Stanley Stevens // December 2016 // GA Class Project
- Use previously labeled (with political bias) news articles to train a supervised logistic regression model to classify new/other articles, with the ultimate goal of increasing self-awareness of my personal political views and grow into a more balanced and nuanced perspective (with the underlying assumption that “you are what you read”).
- Github/Jupyter Notebooks - see above
- Training Data - source
- Untrained Data - personal political articles I’ve read (count: 310 articles) - source
- More details (including exploration notes) - source
- Presentation - pdf / slides
- political lean: political bias of article (left, lean left, center, lean right, right, mixed not rated)
- cleaned_text: article text (no html)
- ugly_text: article text (including html)

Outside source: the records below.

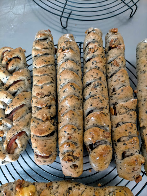 生地に黒ゴマ・にんにく・クルミ・胡椒が混ぜ込まれております。
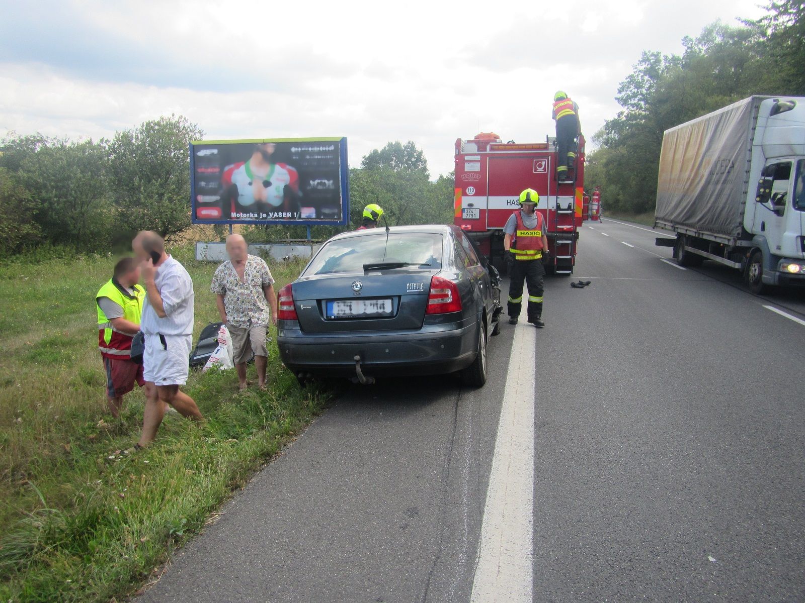 Ve středu 15. 8. 2018, profesionální hasiči z centrální požární stanice Zlín zasahovali od 09:00 hodin u dopravní nehody na silnici I/49 mezi obcemi Zádveřice-Raková a Lípa nad Dřevnicí.
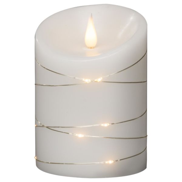 Konstsmide 1844-190 er et vokslys med micro LED 10x14 cm varmhvit med timer 4/8h 2xC.
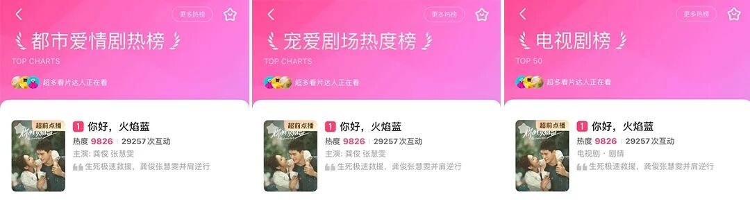 最近由龚俊张慧雯主演的网剧《你好,火焰蓝》刚上映,就占据了多个热度榜的第一名。
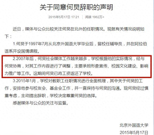 对于该争议“北外”在声明中调强,2007年因何炅社会媒体工作增加,与其协商之下,对其工作内容进行调整,主要承担形象宣传、校园文化建设、影响力推广等工作,这期间何炅已将工资返还了学校。
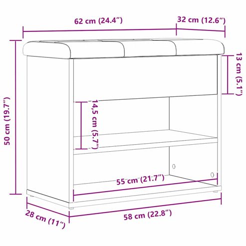 vidaXL Schuhbank mit Speicher Schwarz 60 x 30 x 48 cm Holzwerkstoff
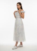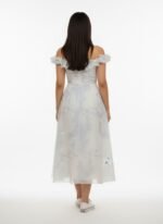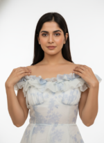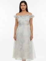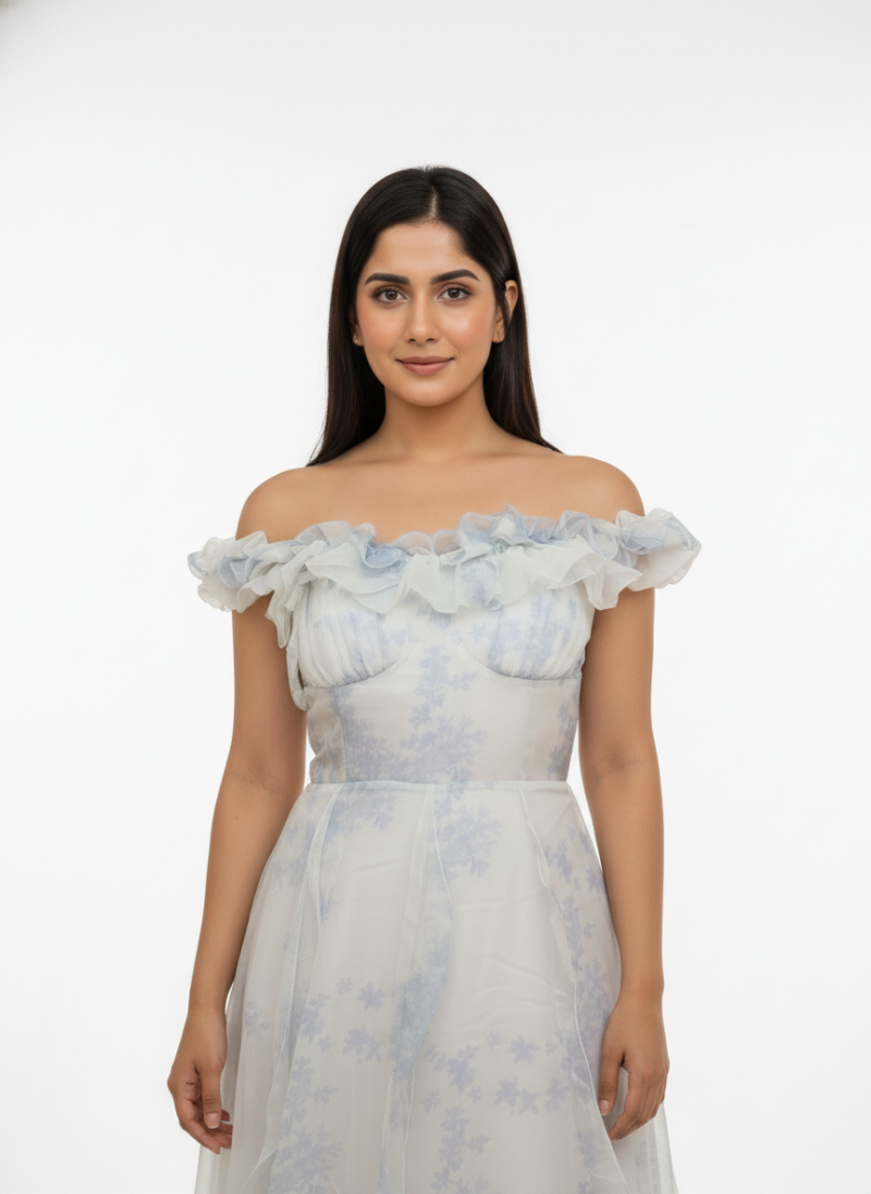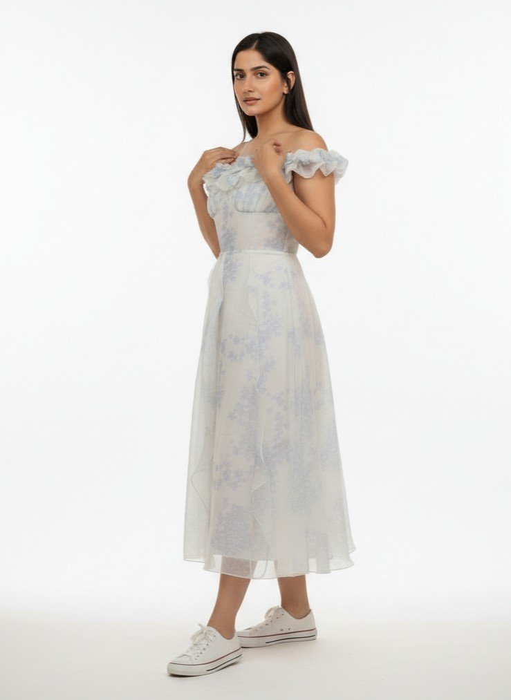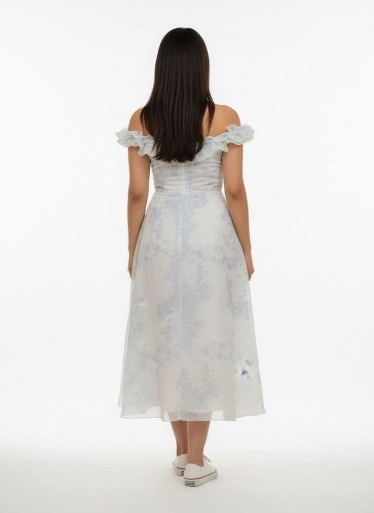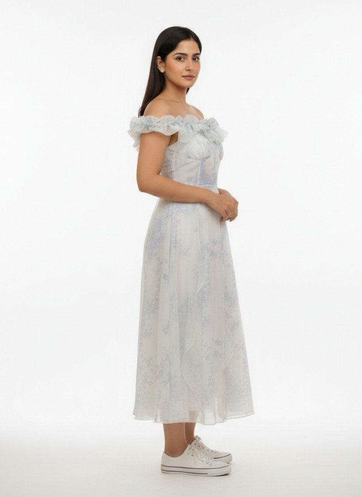 A light blue and white floral off-the-shoulder midi dress featuring a ruffled neckline and a flowing skirt with subtle vertical ruffle details.
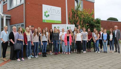Begrüßt wurden die Neuankömmlinge durch Vitus Geschäftsführer Michael Korden und Helga Magdanz, Bereichsleitung Personal. In einer Vorstellungsrunde erzählten die Teilnehmer von ihrem bisherigen Werdegang und erläuterten die Gründe, warum sie sich für den Freiwilligendienst entschieden haben. Weiter ging es mit der Vorstellung der Vitus Einrichtungen durch den Geschäftsführer. Hierbei wurde den Mädchen und Jungen schnell klar, dass die Arbeit mit Menschen mit Behinderungen Überraschungen bereithalten kann. Denn plötzlich stand ein Beschäftigter in der Tür und begrüßte die Gruppe freundlich. Die Einsatzbereiche der Freiwilligendienstler bei Vitus sind vielfältig: Ob Kinderbetreuung in der Krippe, dem Sprachheilkindergarten oder Kindergarten für Hörgeschädigte, Unterstützung der Lehrkräfte in der Jakob-Muth-Schule, Assistenz in der Werkstatt oder der Einsatz in den Wohnanlagen - die Teilnehmer können sich auf spannende Aufgaben freuen.
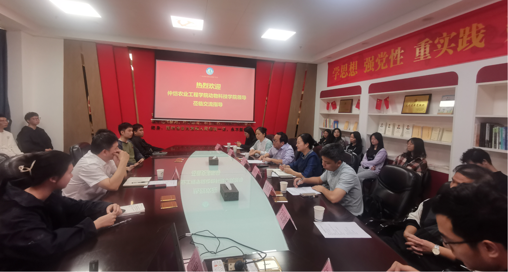 陈金平表达了对朱路平一行的热烈欢迎,所科研发展部汇报了广东省科公司动物研究所的优势学科发展和平台建设规划情况以及与公司开展实习生联合培养的情况。
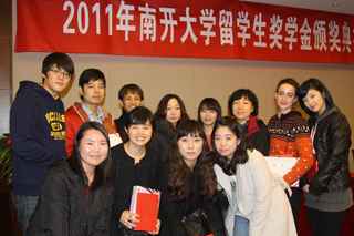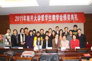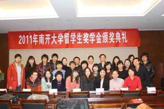 11月18日,爱大会馆H201多功能厅充满欢声笑语,“2011年南开大学留学生奖学金颁奖典礼”在此举行,副校长关乃佳与王立新院长,以及教务处、研究生院、国际学术交流处等各部门领导一同为获奖学生颁奖。
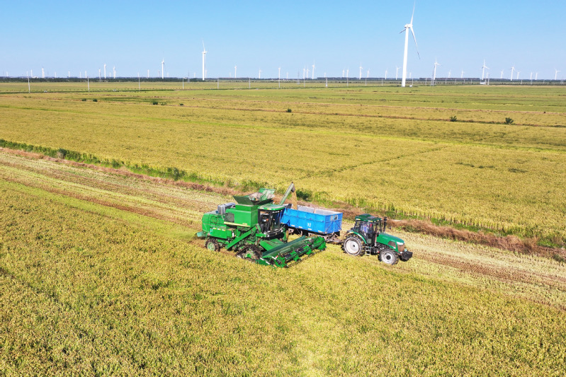 10月10日,江心沙農場100余畝“低GI”功能性水稻喜迎豐收,農機手駕駛收割機、運糧車來回穿梭,密切配合,確保顆粒歸倉。
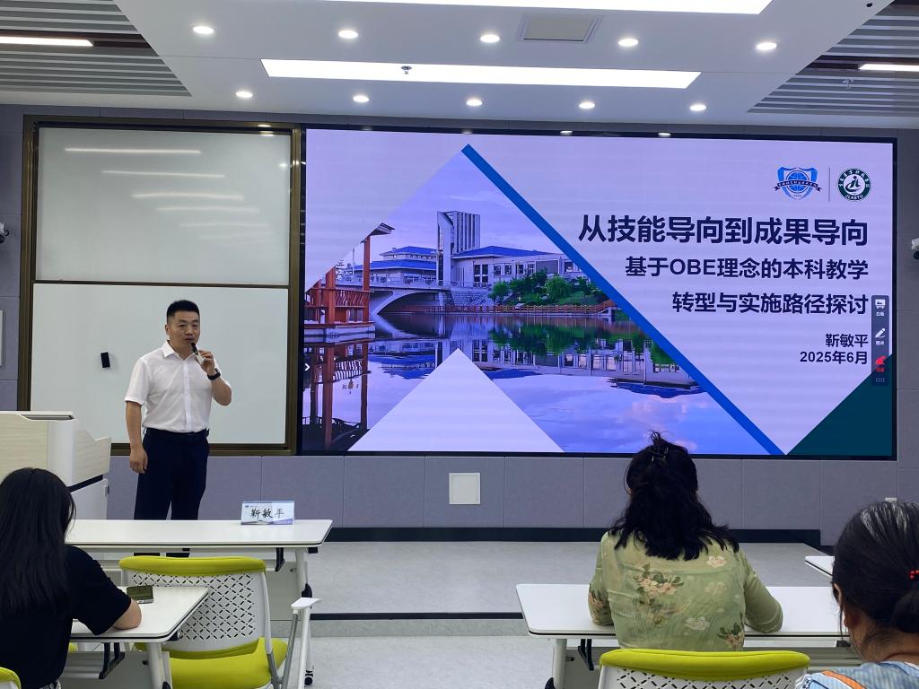 培训聚焦本科教学关键环节,邀请校内外专家作专题分享。拥有数十年教学档案管理经验的张海波副教授,以“建章立制强规范 固本培元促长效”为题作专题报告。他从教学档案的战略价值切入,强调标准化管理是提升教育决策科学性、支撑教育评估与审核的关键基础。其内容详实、指导性强,引发了与会教师的广泛共鸣。靳敏平教授围绕“基于OBE理念的本科教学转型与实施路径”进行深入阐述。他立足当前高等教育改革背景,阐释了OBE(成果导向教育)理念“以学生为中心、以成果为导向、持续改进”的核心内涵及其对本科教学转型的指导意义。通过剖析OBE理念在重构课程体系、革新教学模式、完善评价机制等方面的典型案例,靳教授清晰展示了从培养目标反向设计、课程内容动态调整,到构建多元化考核体系的完整实施路径,为教师教学实践提供了清晰的思路和方法论。

- url_raw: full url of article
- url_clean: full url minus key/value pairs at end of url string
- url_domain: host/domain of article (e.g. cnn.com)
- title: title of article
- meta_description: mini summary of article
- issue: topic of article (e.g. economy, election, environment, healthcare, etc.)
- Knn: by far the worst of the three models, with average accuracy scores in the 0.2 and 0.3s
- MultinomialNB: I explored Multinomial Naive Bayes up front using a number of different features and parameters, but it always seemed to underperform logistic regression by roughly 10-30% (though it was much faster, as to be expected)
- Logistic Regression
- With the count vectorized params mentioned above: ngram and min_df)
- I ended up exploring two models both using logistic regression but with different feature sets: Model A: Text+Domain+Url & Model B: Domain (only)
- These two models had varying results. As you can see below, model B (domain only) seems to suggest that I read very few ‘Right’ articles, though model A (domain/url + text) suggests a more balanced reading. Anecdotally (by simply knowing what I read), I’d say it’s actually somewhere in the middle (mostly ‘lean left’, with maybe 10-15% right or right leaning articles) - though the point of this exercise is to gain a higher level of self-awareness, so my thought process would very well be biased in and of itself.
###Challenges
- Collection process
- First attempt at html content failed as it included political bias tags leading to an overfit model.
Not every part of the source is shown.